My aim was to identify the prevalence and the cognitive and neural correlates of psychosis, and related processes, in MND. I used a tiered cohort study approach. Tier 1 introduced screening as standard in a regional MND clinic (N=111) using the Edinburgh Cognitive and Behavioural ALS Screen and Cambridge Behavioural Inventory-Revised (CBI-R). In Tier 2, 60 patients and 30 controls underwent neuropsychological assessment, including (i) evidence-based decision-making, to quantify jumping to conclusions (JTC), (ii) attentional control and associative learning, (iii) perceptual inference, and (iv) psychiatric screening with Neuropsychiatric Inventory (NPI), Brief Psychiatric Rating Scale (BRPS), and the Comprehensive Assessment of At-Risk Mental States (CAARMS). Tier 3 included magnetic resonance imaging of 30 patients and 20 controls.
Carer reports in Tier 1 indicated that 10% of patients exhibited features suggestive of psychosis and 40% exhibited behavioural change. In Tier 2, many patients manifested abnormal behaviours (CBI-R 41%; NPI showed 19%; BPRS 24%), with 12-16% showing psychosis-specific symptoms (CBI-R and NPI psychosis index scores). In the jumping to conclusions task, patients made decisions based on less evidence than controls and were insensitive to negative feedback. Carer ratings of patient behaviour correlated with performance on the jumping to conclusions task when decisions were rewarded or costs fixed. Attentional shifting and perceptual inference were normal in MND. A principal component analysis (PCA) of questionnaires revealed two component scores, reflecting distinct patients’ and carers’ perspectives.

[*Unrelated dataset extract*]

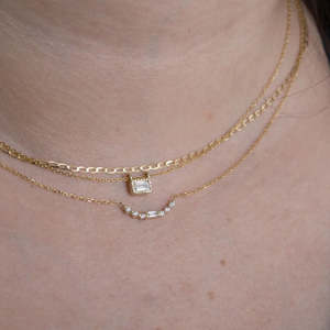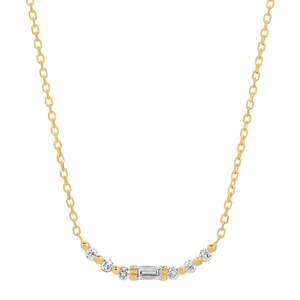 Jennie Kwon | Diamond Minuet Necklace A graceful curve of diamonds, accented by a single geometric and clean baguette diamond, our Diamond Minuet Necklace is delicate and pretty, yet sparkles in every direction she turns. Details: - one 3 x 1.5 mm baguette diamond - six 1.5 mm diamonds - 16" or 18" cable chain

The imaging analyses focused on the correlates of jumping to conclusions and insensitivity to negative feedback, as a potential risk profile for psychosis, with exploratory analyses of the correlates of the CBI-R psychosis index, and carers’ ratings of behaviour from the PCA. Using a Freesurfer regions-of-interest approach, grey matter volume correlated inversely with CBI-R psychosis index in the caudate, amygdala, cingulate and hippocampus. Using tract-based spatial statistics, increased mean diffusivity (MD) of diffusion weighted imaging correlated with the CBI-R psychosis responses in inferior longitudinal and uncinate fasciculi. Cost sensitivity in the JTC task correlated with cingulate and cerebellar grey matter volumes. White matter correlates of cost sensitivity included reduced FA with increasing cost sensitivity in white matter connecting the inferior frontal lobe in controls and patients.
Although overt psychosis is uncommon in MND, many patients displayed abnormal behaviour or cognitive symptoms, including suboptimal reasoning biases and inferential impulsivity. Degeneration of cerebellar, cingulate and striatal grey matter, and adjacent major white matter tracts, may underlie these cognitive impairments and together represent a vulnerability to develop psychosis. Compromised reasoning and inference have implications for clinical management, including decisions around treatment options and management of well-being in MND.
Keywords
psychosis, structural MRI, DTI, decision-making
Sponsorship
This research was funded by Alzheimer’s Research UK Studentship (PhD2017-26); Medical Research Council (SUAG 051/ G101400); and the NIHR Cambridge Biomedical Research Centre (BRC-1215-20014). The views expressed are those of the authors and not necessarily those of the NIHR or the Department of Health and Social Care.
Identifiers
This record's DOI: https://doi.org/10.17863/CAM.79003
Rights
Attribution-NonCommercial-NoDerivatives 4.0 International (CC BY-NC-ND 4.0)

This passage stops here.